▶ Assigned task
Output the lines from the one containing "Light bulbs. Bulb" through the last line of the material below, exactly; please do not include pictures.

▶ Material provided
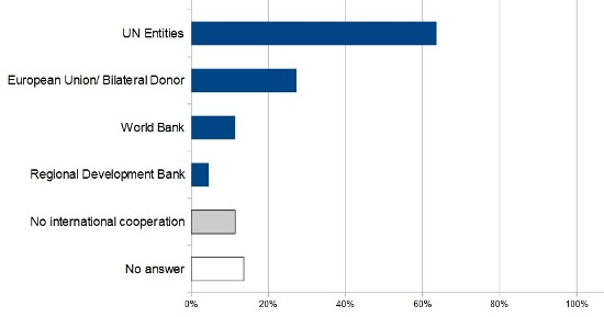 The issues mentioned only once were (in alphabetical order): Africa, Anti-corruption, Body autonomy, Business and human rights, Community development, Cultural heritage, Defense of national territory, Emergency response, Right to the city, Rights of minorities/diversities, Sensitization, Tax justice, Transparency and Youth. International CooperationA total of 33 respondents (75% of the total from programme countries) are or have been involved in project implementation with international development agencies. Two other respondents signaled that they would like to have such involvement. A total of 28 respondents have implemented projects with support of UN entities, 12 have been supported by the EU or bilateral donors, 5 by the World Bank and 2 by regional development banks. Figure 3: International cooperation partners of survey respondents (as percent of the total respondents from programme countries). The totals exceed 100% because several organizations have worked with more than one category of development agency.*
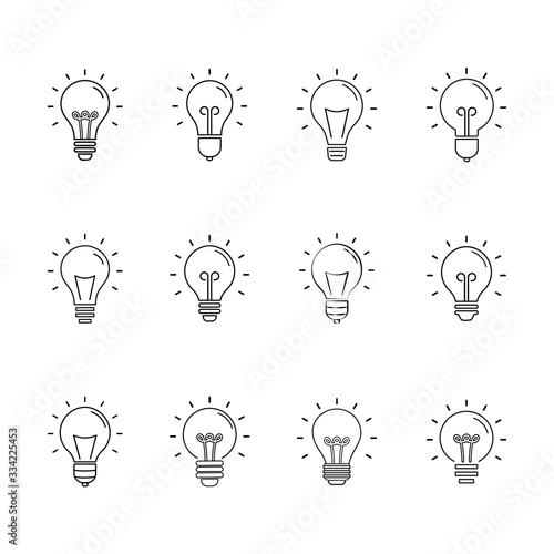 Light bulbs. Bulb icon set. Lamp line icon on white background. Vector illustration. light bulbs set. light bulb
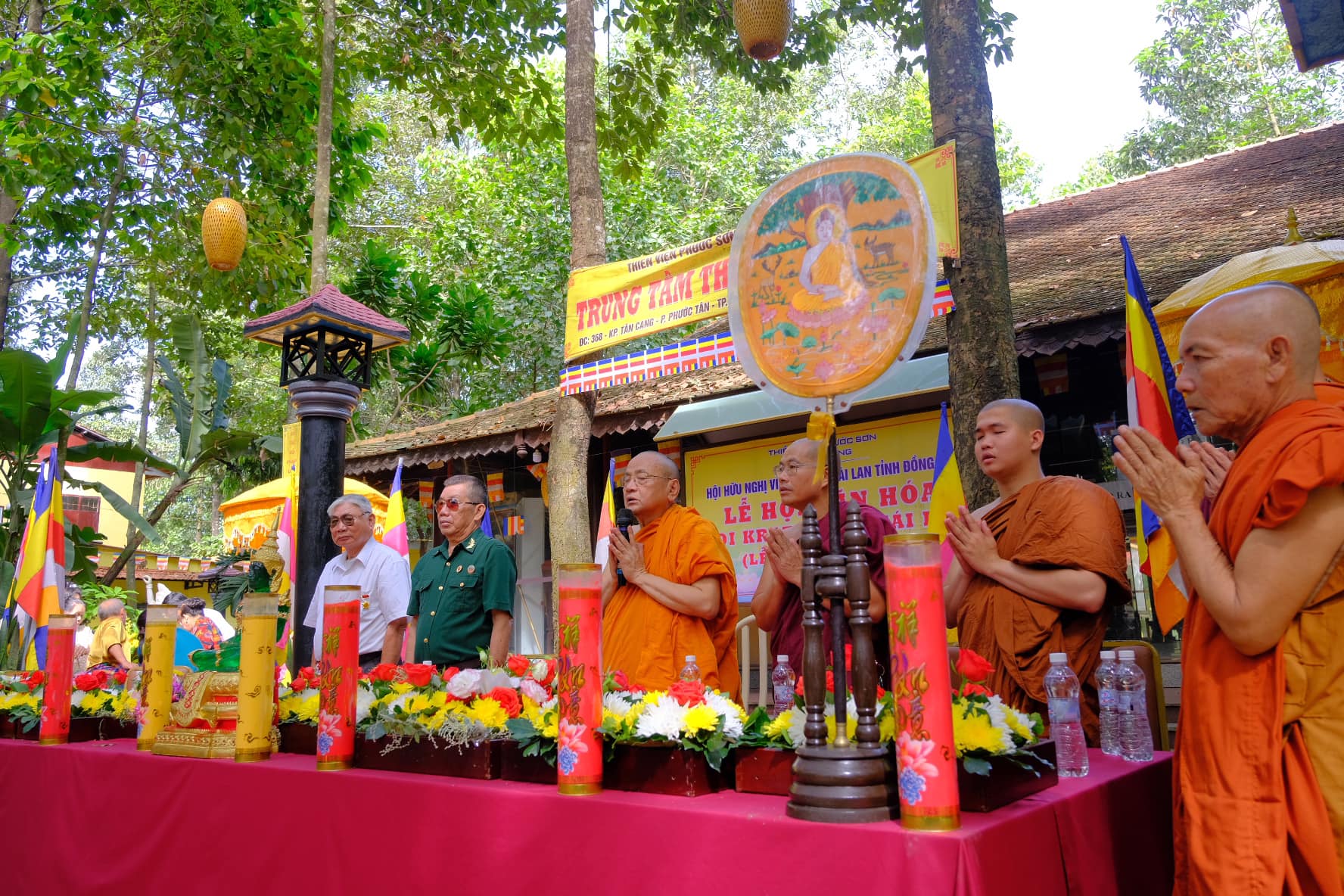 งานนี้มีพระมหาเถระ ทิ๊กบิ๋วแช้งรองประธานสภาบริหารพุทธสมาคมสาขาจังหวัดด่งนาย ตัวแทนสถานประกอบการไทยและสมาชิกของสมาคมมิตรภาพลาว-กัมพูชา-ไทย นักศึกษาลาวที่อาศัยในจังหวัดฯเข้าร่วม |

▶ Answer to this problem
 Light bulbs. Bulb icon set. Lamp line icon on white background. Vector illustration. light bulbs set. light bulb
 งานนี้มีพระมหาเถระ ทิ๊กบิ๋วแช้งรองประธานสภาบริหารพุทธสมาคมสาขาจังหวัดด่งนาย ตัวแทนสถานประกอบการไทยและสมาชิกของสมาคมมิตรภาพลาว-กัมพูชา-ไทย นักศึกษาลาวที่อาศัยในจังหวัดฯเข้าร่วม |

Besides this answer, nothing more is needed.